Creating a trust between two forest root domains provides a transitive relationship between every domain residing within each forest, and can be one- or two-way. Forest trusts are useful for application service providers, organizations undergoing mergers or acquisitions, collaborative business extranets, and organizations seeking solutions for administrative autonomy.
One-Way Forest Trusts:
In a one-way forest trust, all domains in the trusted forest can utilize resources in the trusting forest, although members in the trusting forest cannot access resources in the trusted forest. For example, if you create a one-way forest trust between Forest1 (the trusted forest) and Forest2 (the trusting forest), then users in Forest1 can access resources in Forest2 (assuming the users have permissions on resources). However, users in Forest2 will not be able to access resources in Forest1 until a second forest trust is established.
Two-Way Forest Trusts:
In a two-way forest trust, every domain in one forest trusts every domain in its partner forest implicitly. Users in either forest can access any resource located anywhere in either forest (assuming the users have permissions to the resource).
Accessing Resources Across Domains Joined by External Trust
Using Active Directory Domains and Trusts, you can determine the scope of authentication between two forests that are joined by a forest trust. You can set selective authentication differently for outgoing and incoming forest trusts, which allows you to make flexible access control decisions between forests. You set selective authentication on the Outgoing Trust Authentication Level page when you set up a forest trust using the New Trust Wizard.
v If you use forest-wide authentication on the incoming external trust, users from the outside forest have the same level of access to resources in the local forest as users who belong to the local forest. For example, if ForestA has an incoming forest trust from ForestB and forest-wide authentication is used, any user from ForestB can access any resource in ForestA (assuming the user has the required permissions).

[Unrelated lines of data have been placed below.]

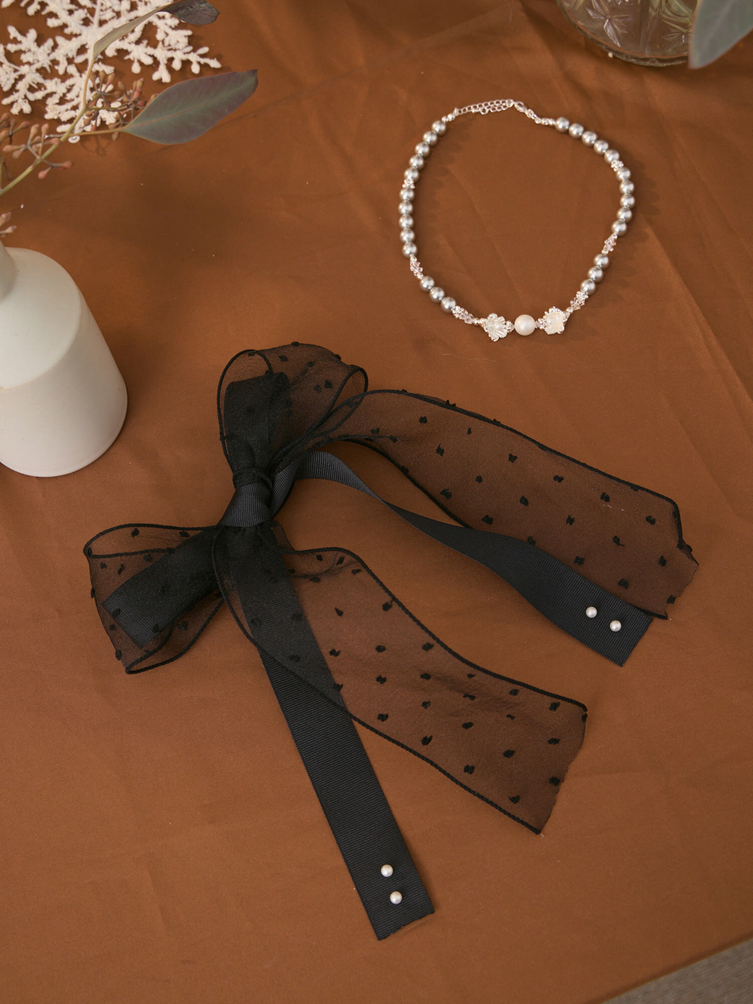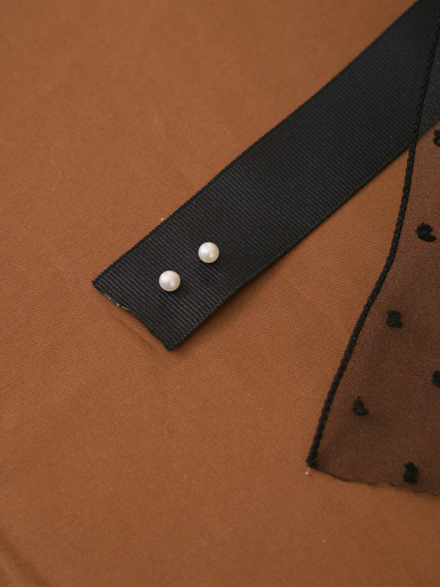 ▸ 素材:銅鍍14KGP、緞帶、聚酯纖維、仿珠等複合材質
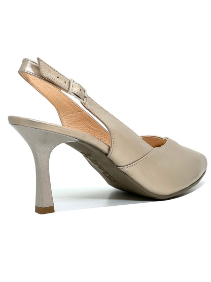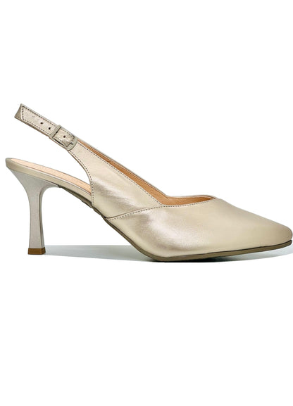 Leather sling back heels with a medium 7cm heel and a soft step insole.
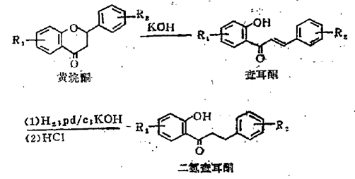 方法1:几乎所有的二氢查耳酮都是曲相应的查耳酮催化还原而来,而查耳酮则是由黄烷酮在碱作用下发生开环反应而得的。
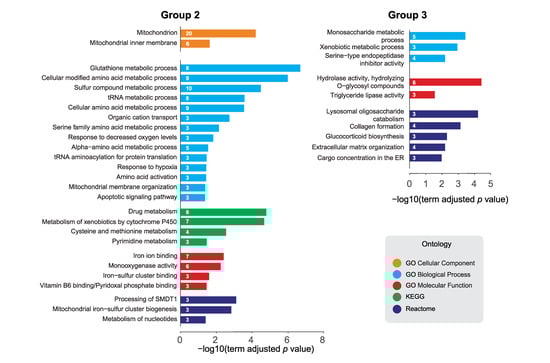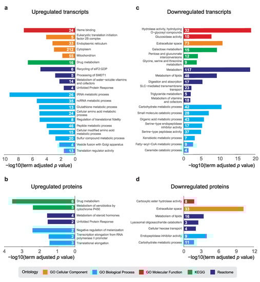 2.3. Pathway Analysis of dPerk-Dependent Alterations in Transcripts and Proteins
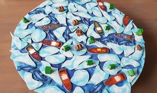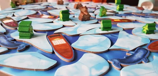 In Ice Floes & Foes gaan 2-6 spelers er hun missie van maken om de walvissen en zeehonden te redden van de vissersboten en jagers. Schuif ijsschotsen op het bord, en probeer de vissersboten en jagers er aan de andere kant van af te laten vallen. Maar kijk uit dat je er geen walvissen en zeehonden vanaf schuift!
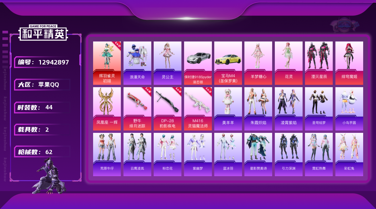 [12942897]身法素材号【特价急出/详情看图】:苹果 手Q-1神装-5粉装-3特效枪-2载具-2粉色飞行器-24421热力值-3王牌印记-44套装-62枪皮
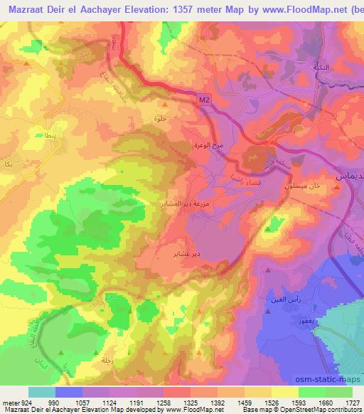 Note:Please note that Mazraat Deir el Aachayer,Lebanon Elevation Map is in beta.

v If you set selective authentication on an incoming forest trust, you must manually assign permissions on each domain and resource to which you want users in the second forest to have access. To do this, set the access control right Allowed To Authenticate on an object for that particular user or group from the second forest.
When a user authenticates across a trust with the Selective Authentication option enabled, an Other Organization security ID (SID) is added to the user’s authorization data. The presence of this SID prompts a check on the resource domain to ensure that the user is allowed to authenticate to the particular service. Once the user is authenticated, if the Other Organization SID is not already present, the server to which the user authenticates adds the This Organization SID. Only one of these special SIDs can be present in an authenticated user’s context.